I remember the day well: January 25, 1958. Whiteface Mountain Ski Center was officially opened by Governor Averell Harriman amidst great pomp and circumstance and a throng of local ski enthusiasts.  

Seriously, I was only four years old and I sort of remember moments from that day. I have relived it many, many times over the years via my father’s extensive slide collection, so maybe that’s actually what I’m remembering.  You see my father, Carl Ortloff, was one of the pioneers of local alpine skiing in the late 30’s and early ‘40s. He was one of the earliest members of the National Ski Patrol (he was registered in the #320 spot in the nation - NSP is now issuing numbers higher than 252,000) He was also the first leader of the Lake Placid Ski Patrol (see photo below). and a founding member of the Lake Placid Ski Council.
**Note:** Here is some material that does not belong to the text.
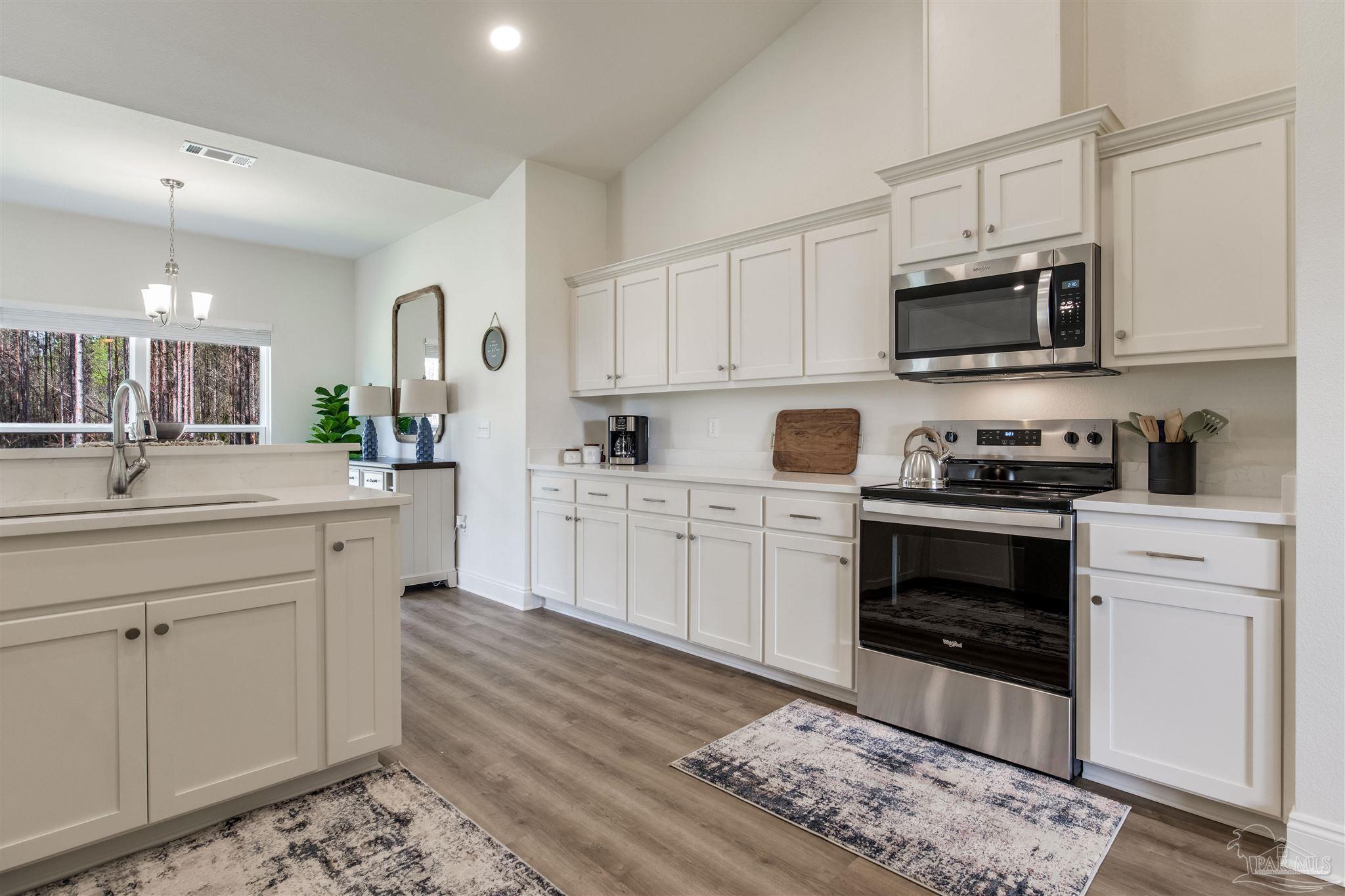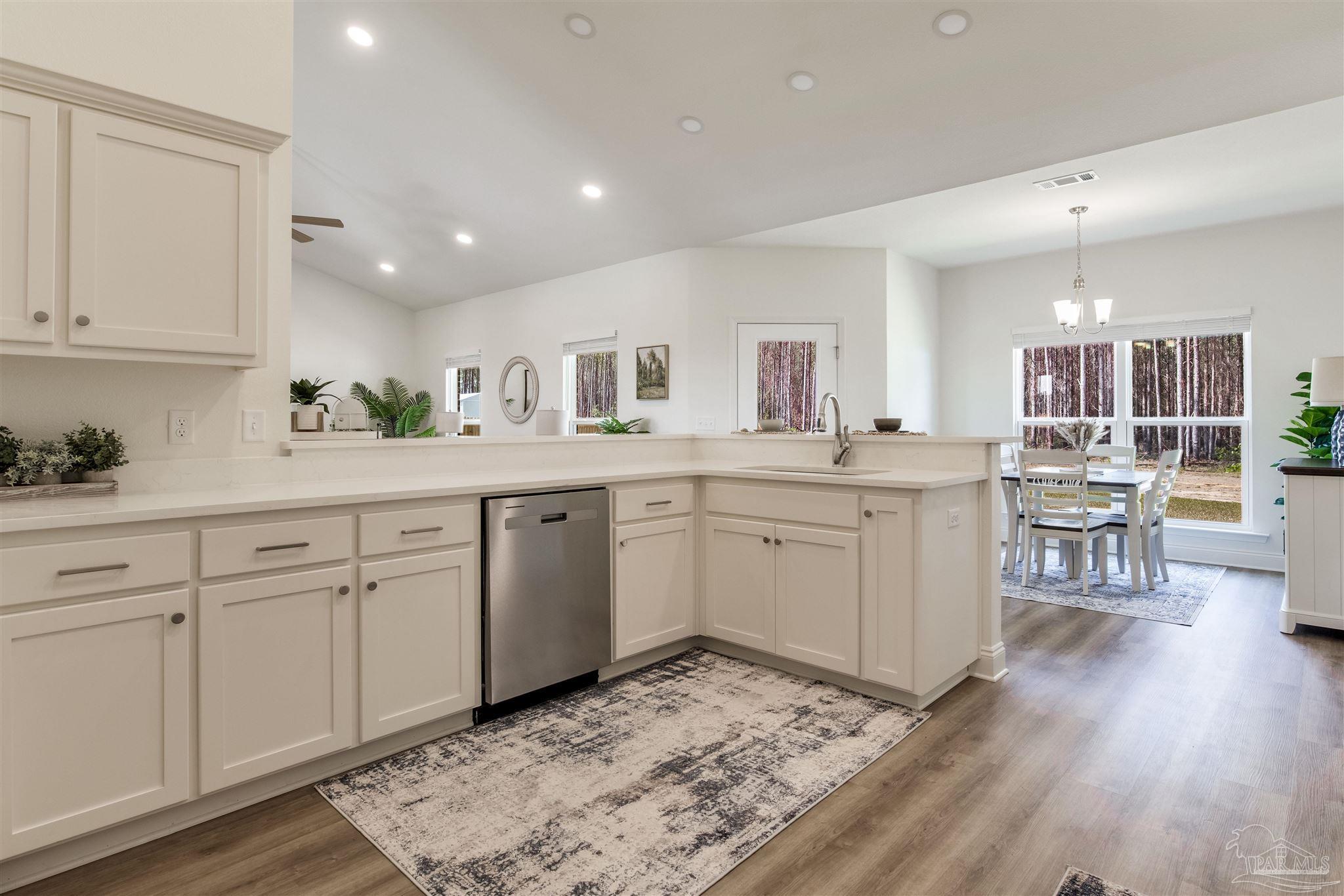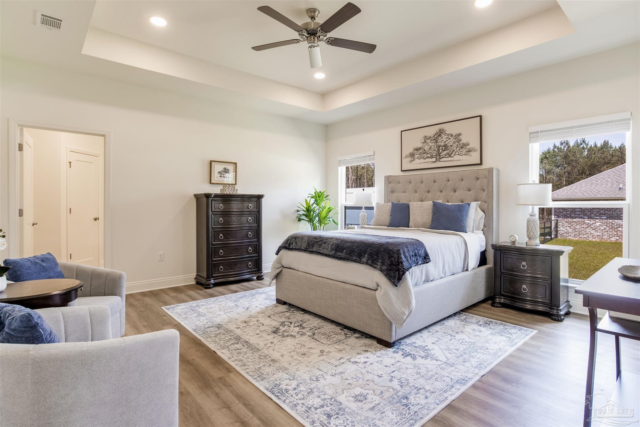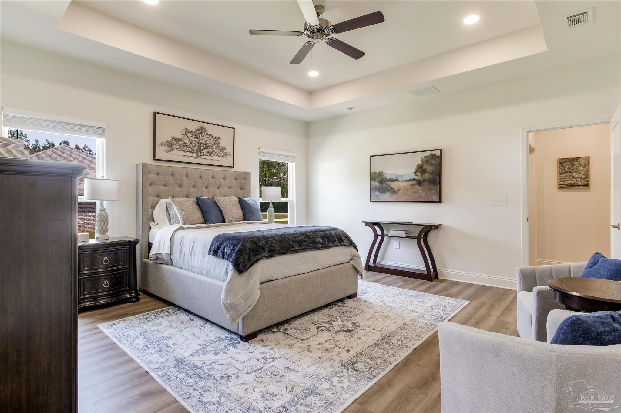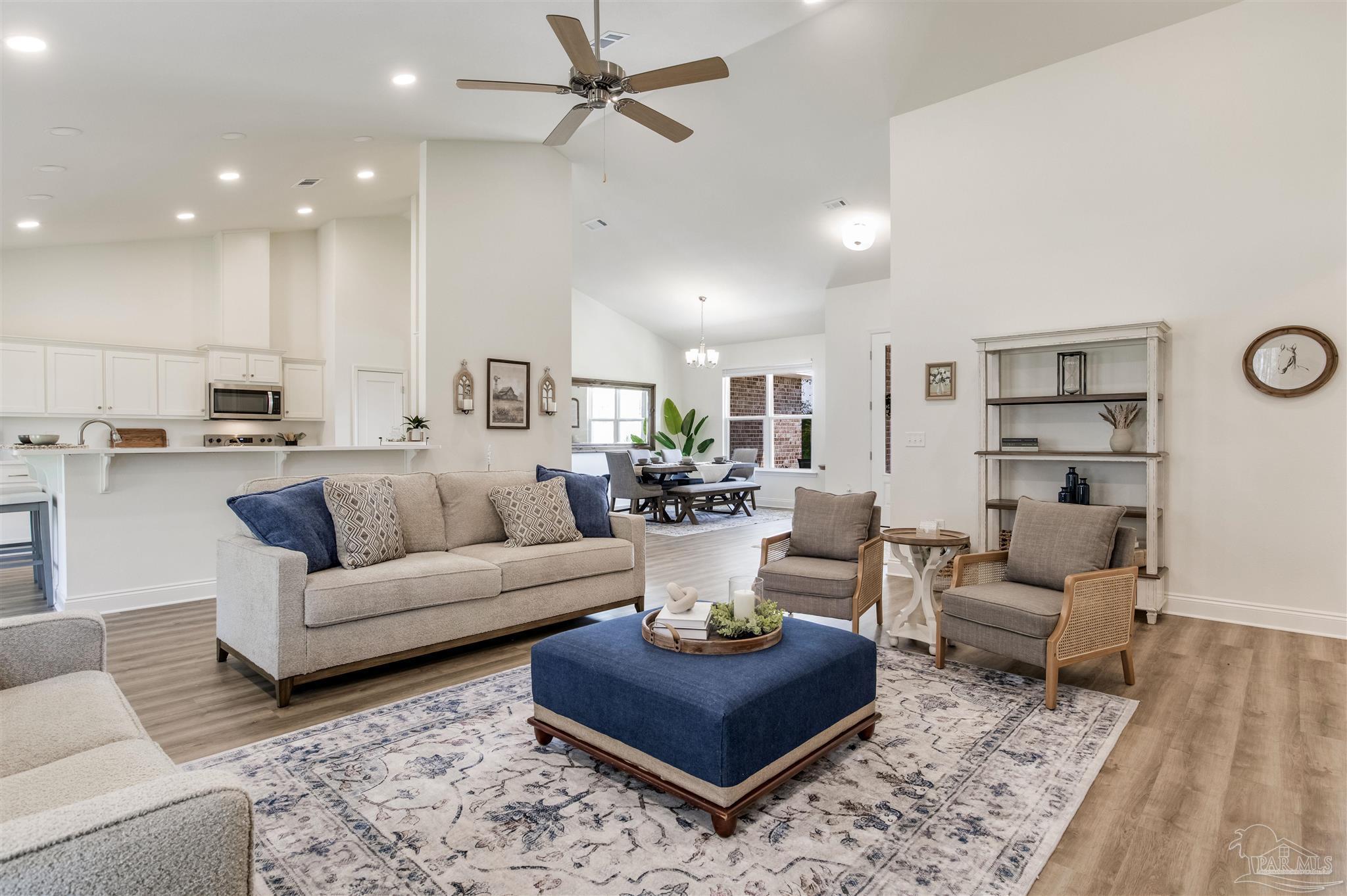Exceptional CRAFTSMANSHIP. Lasting QUALITY. Inspired DESIGN. Welcome to THE BAILEY floor plan—a comfortable 4-bedroom, 2-bath home with a 2-car garage, set in the peaceful countryside of The Pines at Crofton Farms. This thoughtfully crafted home, built by a trusted local developer, blends style with practical features for everyday living. The open-concept living area with cathedral ceilings and 9-foot ceilings throughout the rest of the home creates a bright, inviting space perfect for family time or having friends over. In the kitchen, the large peninsula and quartz countertops provide plenty of room for cooking and gathering, with an adjoining dining area that’s great for meals and conversation. Durable LVP flooring in the main areas and bathrooms adds a touch of style and makes for easy maintenance, while the tiled shower in the bathroom adds a nice detail to enjoy. Outside, the covered porch overlooks a private, one-acre lot with mature trees—a peaceful spot to relax. Though it feels tucked away, it’s only 20 minutes from the new Publix and close to Blackwater River State Forest for those who enjoy the outdoors. Designed with comfort and ease in mind, this home is ideal for those looking for a mix of space, nature, and convenience at The Pines at Crofton Farms. We’d love to show you around. Scheduled for completion January–February.

Some of our earliest local ski promoters were on some of the same lists as well - Ron McKenzie (later President of the 1980 Lake Placid Olympic Organizing Committee), Loren Wrisley (a local ski manufacturer whose skis are now highly collectible), Bill Hovey (local ski instructor and ski shop owner), and several others.  It’s thanks to these early pioneers that we are lucky to have the current Whiteface Mountain Ski Center in our backyards.

Whiteface Memorial Highway

Whiteface Mountain’s early days date back to the 1920’s. The approval and construction of the Whiteface Mt. Memorial Highway played a significant role in local downhill skiing. A constitutional amendment allowing the highway to be built on Forest Preserve land came via legislative approval followed by a successful statewide voter referendum in 1927. It would be another eight years before the highway opened. When opened, the highway provided a means of easier access to higher elevations for skiing. The highway (8 miles long) was jokingly referred to as the longest beginner ski trail in the state, due to its 8% average grade.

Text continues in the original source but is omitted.